And the name of the game right now is really getting smart in terms of segmenting and really driving strong attribution to your current product inventory on hand, but what do you actually expect to sell? What can you hold and actually carry forward into the fall? And then ultimately, what are the ways that you can either liquidate and/or push through your existing inventory? Whether that be mid-season sales or flash sales, which we're seeing very prominent right now through the online channels.

But also getting smart about do you pull back a portion of your inventory and do a flash sales later in the year? Do you do exclusive product drops, say for example, to bolster your Black Friday product offering? Or do you offer them as wholesale exclusive to some of your wholesale partners?

All of these decisions that you're making now on your spring leftover inventory then has implications that roll over into your back half of the year, your fall and your holiday inventory that you're thinking about. Ultimately, a lot of that has been locked in and what retailers are scrambling to do, which I'm sure a lot of our listeners are thinking about is what is the rate at which they should be canceling these POs or these purchase orders that they have in flight?

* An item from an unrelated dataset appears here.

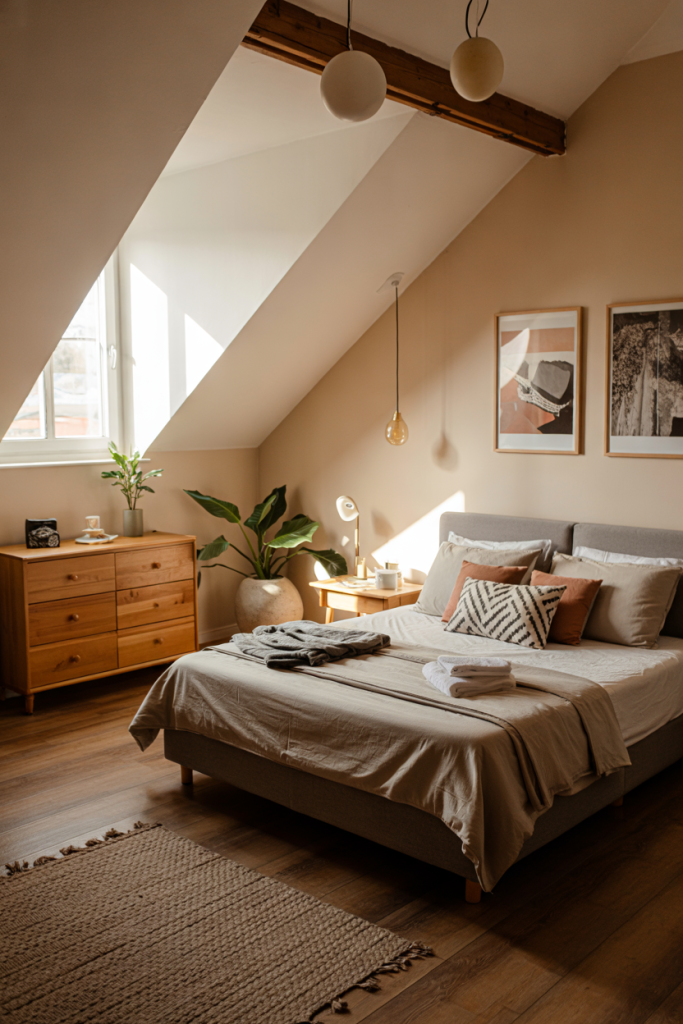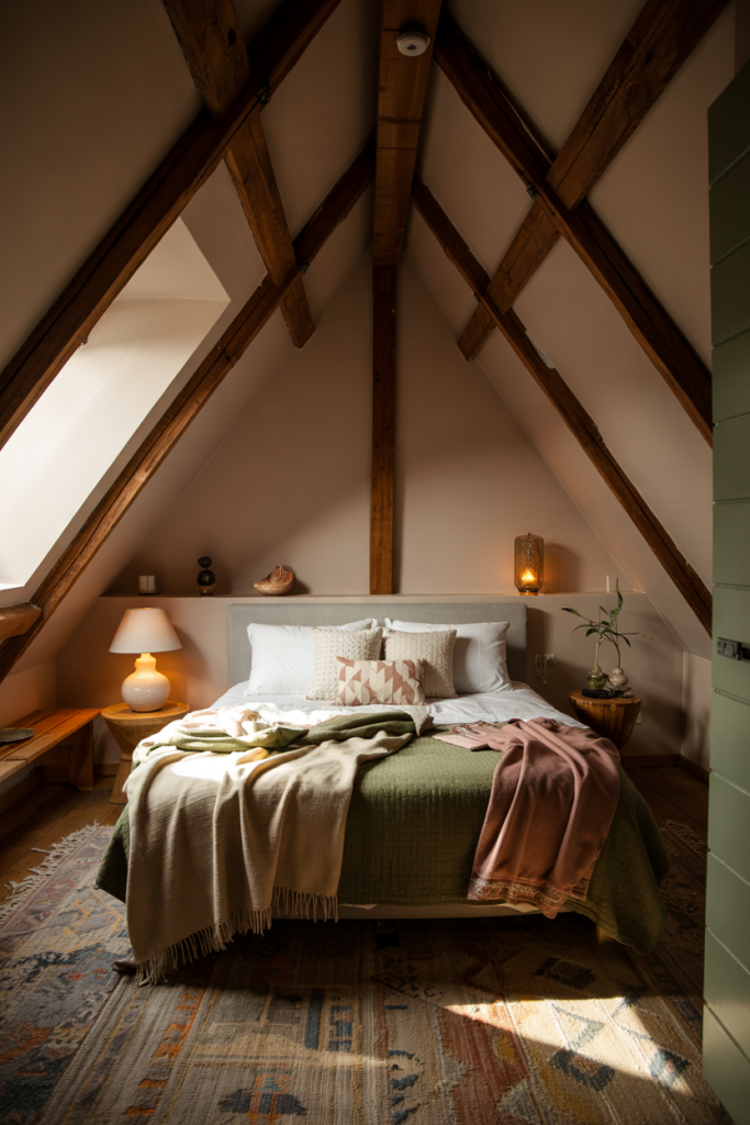 Turn attic corners into warm hideaways by introducing earthy details and muted tones like green and natural woods. A charming blend of rustic surfaces and a compact layout keeps the space intimate. Adding a simple woven throw and a cute lamp can make even a tucked-away spot feel surprisingly cozy.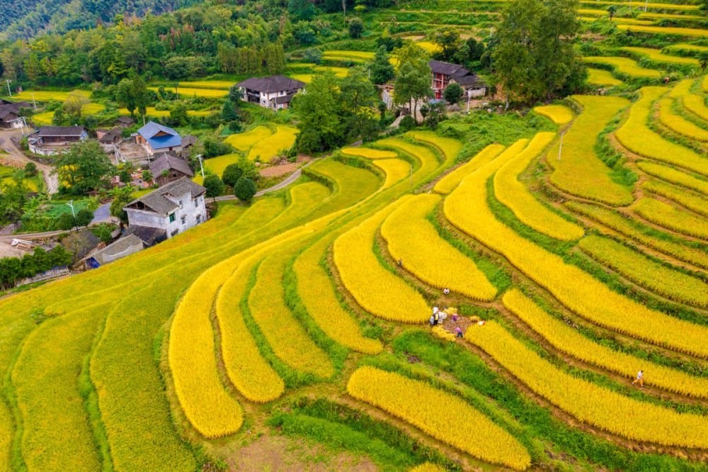 ↑2023年9月4日,湖南省東安縣舜皇山國家森林公園管理局塘家梯田,農(nóng)民在收割稻谷。CICPHOTO/嚴潔 攝

And what we're seeing across the board is roughly 40 to 60% of POs for the fall are being canceled and rapid evaluation, again, from a very strategic segmentation of your product or your assortment mix, both intracategory as well as intercategory to understand what is the right recurring items that you should be replenishing and are not replenishing because you have leftover inventory from the spring?

But also how are you balancing on buying into that newness or that innovation that the consumers are still going to want in fall and holidays, likely at a lower volume, but they're still going to be seeking that.

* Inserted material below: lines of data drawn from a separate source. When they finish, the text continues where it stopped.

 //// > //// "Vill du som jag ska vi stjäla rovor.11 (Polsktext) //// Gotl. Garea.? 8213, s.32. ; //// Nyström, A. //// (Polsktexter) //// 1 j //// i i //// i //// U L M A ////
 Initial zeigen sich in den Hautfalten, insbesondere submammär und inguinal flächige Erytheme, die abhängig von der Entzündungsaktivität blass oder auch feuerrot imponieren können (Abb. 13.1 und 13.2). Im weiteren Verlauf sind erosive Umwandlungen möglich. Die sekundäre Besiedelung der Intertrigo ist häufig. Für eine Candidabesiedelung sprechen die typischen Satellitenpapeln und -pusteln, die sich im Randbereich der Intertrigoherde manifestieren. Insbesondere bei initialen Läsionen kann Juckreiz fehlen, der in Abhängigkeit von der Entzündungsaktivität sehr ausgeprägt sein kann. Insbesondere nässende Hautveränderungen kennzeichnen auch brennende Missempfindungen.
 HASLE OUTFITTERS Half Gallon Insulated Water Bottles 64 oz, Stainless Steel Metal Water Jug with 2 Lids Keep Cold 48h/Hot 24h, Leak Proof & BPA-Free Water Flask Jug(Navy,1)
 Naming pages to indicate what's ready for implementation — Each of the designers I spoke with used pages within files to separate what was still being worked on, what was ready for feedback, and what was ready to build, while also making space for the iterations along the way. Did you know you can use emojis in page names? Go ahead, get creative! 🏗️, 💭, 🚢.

And then ultimately, how does that then carry into how you're designing or thinking about your spring '21 inventory? A lot of retailers right now are either contracting or reviewing protos or samples for spring '21. And a lot of questions that we're getting right now is, how do we think about that? Do we put them on hold? Do we completely pause?

And again, going back to the point of, it's all about segmenting your assortment mix. And the one key opportunity for a lot of retailers right now is re-evaluating that long tail. It's been a constant conversation that I've had with retailers for quite some time on helping to reduce the complexity within their value chain, within their supply chain that oftentimes creates these really long lead times.

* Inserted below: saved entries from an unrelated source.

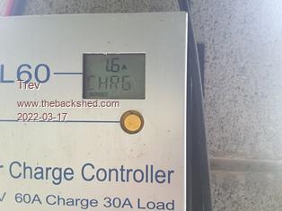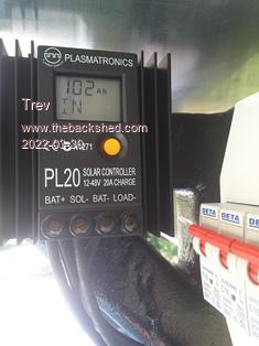 The internal clock started yesterday after noon when I connected the battery. 102Ah in over the 24 hour period. Another 6Ah in after the clock changed to the new day, to get the battery full again. The battery size is 100Ah. Still have sun available, but the shadows are getting longer.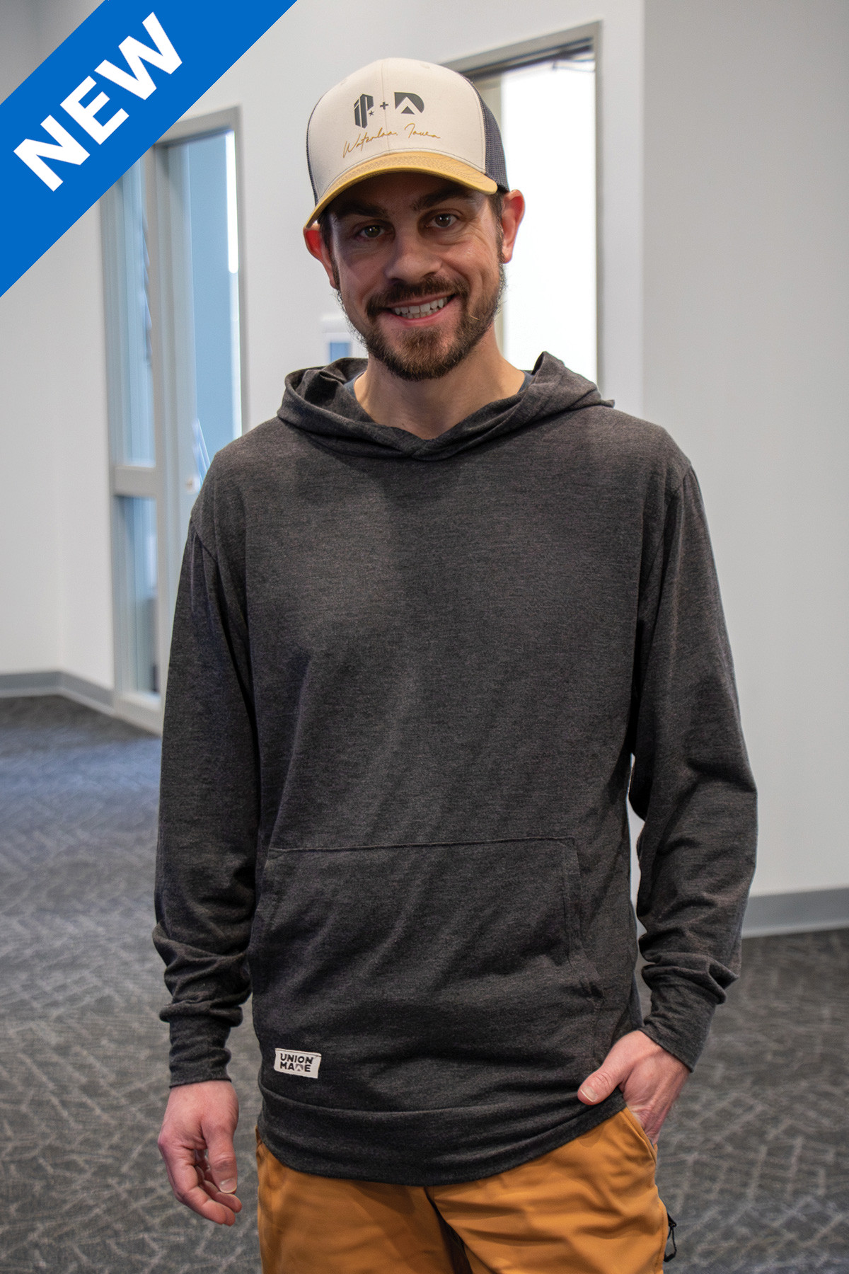 All triblend hoodies feature a small print on the lower left sleeve that proudly marks them as made by union hands. Measures 1.5” x 0.875” (W/H).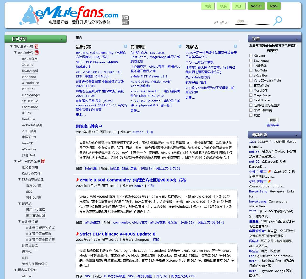 一个发表eMule(电骡)官方版本、Xtreme等Mod和其他一些eDonkey(电驴)网络客户端的最新发布消息与软件下载、eMule设置帮助、最新eMule服务器列表和IP数据库等内容的多人blog。
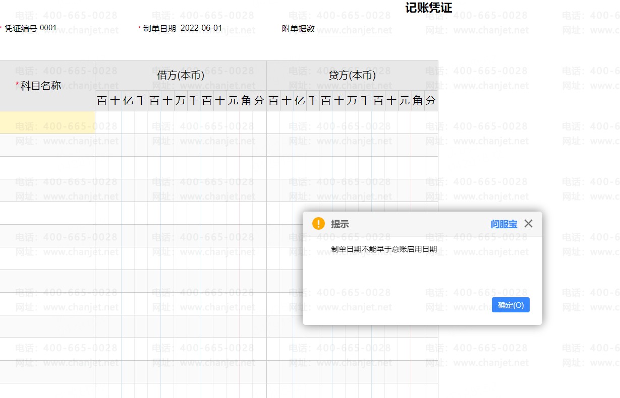 确认总账启用期间对应的日期是什么时候,点击【系统管理】-【会计期间】,找到总账启用期间,在会计期间对应年度的期间列表中查看该期间的开始日期,填凭证时不能早于该日期;有可能是这个2022.06的会计期间的开始日期不是6月1日。

And it's a great opportunity to really dig deep into that long tail at a style and even down to a sku level and making some historically tough decisions on cutting that long tail to reprioritize. This is a great opportunity for folks to do that.

There's a lot of other levers that we're seeing retailers take action on or start to ask themselves those hard strategic questions. What it comes to the design process? I think one of the things we've been encouraging I'd say for quite some time is to work in this capacity. I'd say being on Zoom all day is not quite the ideal, but I'd say in the new normal, how do you create a more agile way of working with your strategic vendors?

Moving to virtual reviews like quick turns on prototyping as well as 3D sampling where I imagine we're going to see a huge shift into adoption of technologies on virtual sampling, whether that be flat and/or 3D sampling in order to be able to make quick decisions because the travel restrictions are going to be tough to be in person and be able to review product, and we don't have the liberty to wait for products to ship from Southeast Asia or wherever it may be coming from.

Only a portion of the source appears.